D'autres femmes s'étant jointes à elles, Frédéric, abbé de Munster, leur céda une maison plus spacieuse : "Ufmühlen" jouxtant une chapelle dédiée à St Jean-Baptiste.

Aidées dès le début par un dominicain, Lecteur du Couvent de Strasbourg - le fr. Walther - elles désirèrent être incorporées à son Ordre. Les deux fondatrices, Agnès de Mittelheim et Agnès d'Herkenheim entreprirent dans ce but une démarche peu commune pour l'époque : aller elles-mêmes à Rome. Un document sur lequel nous
reviendrons, les "Vitae Sororum", y fait une brève allusion. On ne peut que déplorer cette brièveté puisqu'il ne reste aucune chronique relatant ces faits, et imaginer sans peine les péripéties d'un tel voyage pour ces deux femmes!
Elles ont vraisemblablement résidé à Rome au monastère de St Sixte, fondé par St Dominique en 1219 (2) où elles auraient été initiées aux us et coutumes des moniales de l'Ordre.
Elles prirent toutes ensemble l'habit dominicain à leur retour mais ne seront officiellement incorporées à l'Ordre qu'en 1245. (3) Comme leurs frères, les moniales s'engageaient à vivre "sous la Règle de St Augustin et les Constitutions de l'Ordre des Prêcheurs".


Règle de St Augustin
© Ms 576 Bibl de la Ville de Colmar

 

Quand Colmar s'entoura d'un mur d'enceinte, Ufmühlen se trouva "hors les murs", à la merci des pillards et des bandes armées qui foisonnaient à l'époque. Elles revinrent donc à Unterlinden et entreprirent de l'agrandir peu à peu.

         
                     
     

Plusieurs légendes sont nées autour d'une statue de St Jean-Baptiste que les soeurs auraient ramenée d'Ufmühlen.

 

Une de ces légendes dit que la statue - enfouie sous terre - aurait appelé les soeurs sur le point de partir, leur demandant, et qui plus est, en dialecte alsacien, de le déterrer et de l'emporter avec elles ! Selon une autre, ce serait sur son conseil qu'elles seraient rentrées en ville. Légendes, bien sur, mais qui prouvent la dévotion des moniales pour leur saint Patron, dès l'origine.
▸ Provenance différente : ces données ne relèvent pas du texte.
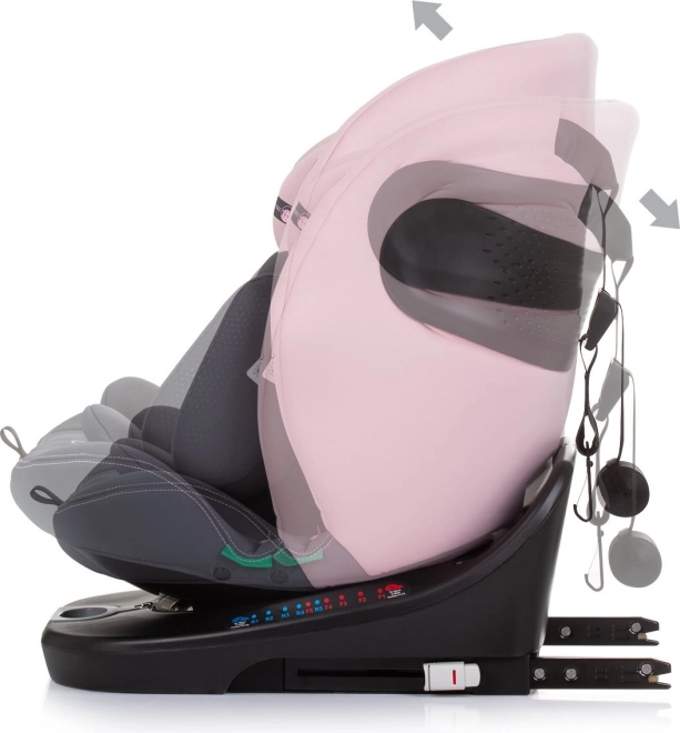 Univerzalna dječja autosjedalica za visinu 40–150 cm s ISOFIX-om, Top Tetherom i 360° okretljivom bazom za lako smještanje djeteta. Nudi vožnju suprotno i u smjeru vožnje, 5-točkaste pojaseve, zaštitu od bočnog udara i udobno podstavljanje uključujući 3D umetak. Odobreno prema R129 i-Size za sigurno putovanje od rođenja do cca 12 godina.

Les "Annales et chroniques des Dominicains de Colmar" (4) nous apprennent qu'après avoir fait construire un dortoir en pierre, ce qui, pour l'époque, est un fait remarquable, elles achevèrent, après le choeur et le cloître, un cellier, en 1275.
C'est en 1269 qu'eût lieu la consécration solennelle de l'église
présidée par Albert le Grand, dominicain, maître en théologie et ancien évêque de Regensburg (Ratisbonne).

En 1278, le monastère est "ceint d'un mur de 20 pieds". La même année, le chroniqueur tient à noter qu'elles ont même acquis une horloge pour la somme de six marks.
Parlant des établissements religieux de la région, le dominicain Bernard Gui (5) qualifiera Unterlinden de "magnum et opulentum": imposant et opulent. Unterlinden gèrera effectivement très vite un patrimoine considérable en rentes, cens, revenus sur des maisons ...et possédera même une "cour dîmière" à Eguisheim, près de Colmar.

       
   

 

     
 

Elles ont pratiqué une généreuse hospitalité - ce qui était d'ailleurs la règle dans toutes les abbayes et monastères de l'époque. Elles le firent même pendant les nombreuses disettes dont elles furent elles-mêmes les victimes. Le chroniqueur colmarien note qu'en 1282. les soeurs n'ayant plus de pain que deux fois la semaine, furent réduites à se nourrir, pendant six semaines, d'une sorte de brouet sans cependant cesser de secourir les pauvres; or, dit-il, il s'en présenta 1600 à la porte du monastère...

   
 

Il n'empêche que si, comme le dit Georges Bischoff dans son "Histoire de Colmar" (6), une telle opulence eut un rôle économique très positif en mettant ainsi la ville en contact avec son "hinterland" direct, elle sera aussi peu à peu perçue comme un contre témoignage et ne fera que renforcer le succès de la Réformation dans les classes populaires.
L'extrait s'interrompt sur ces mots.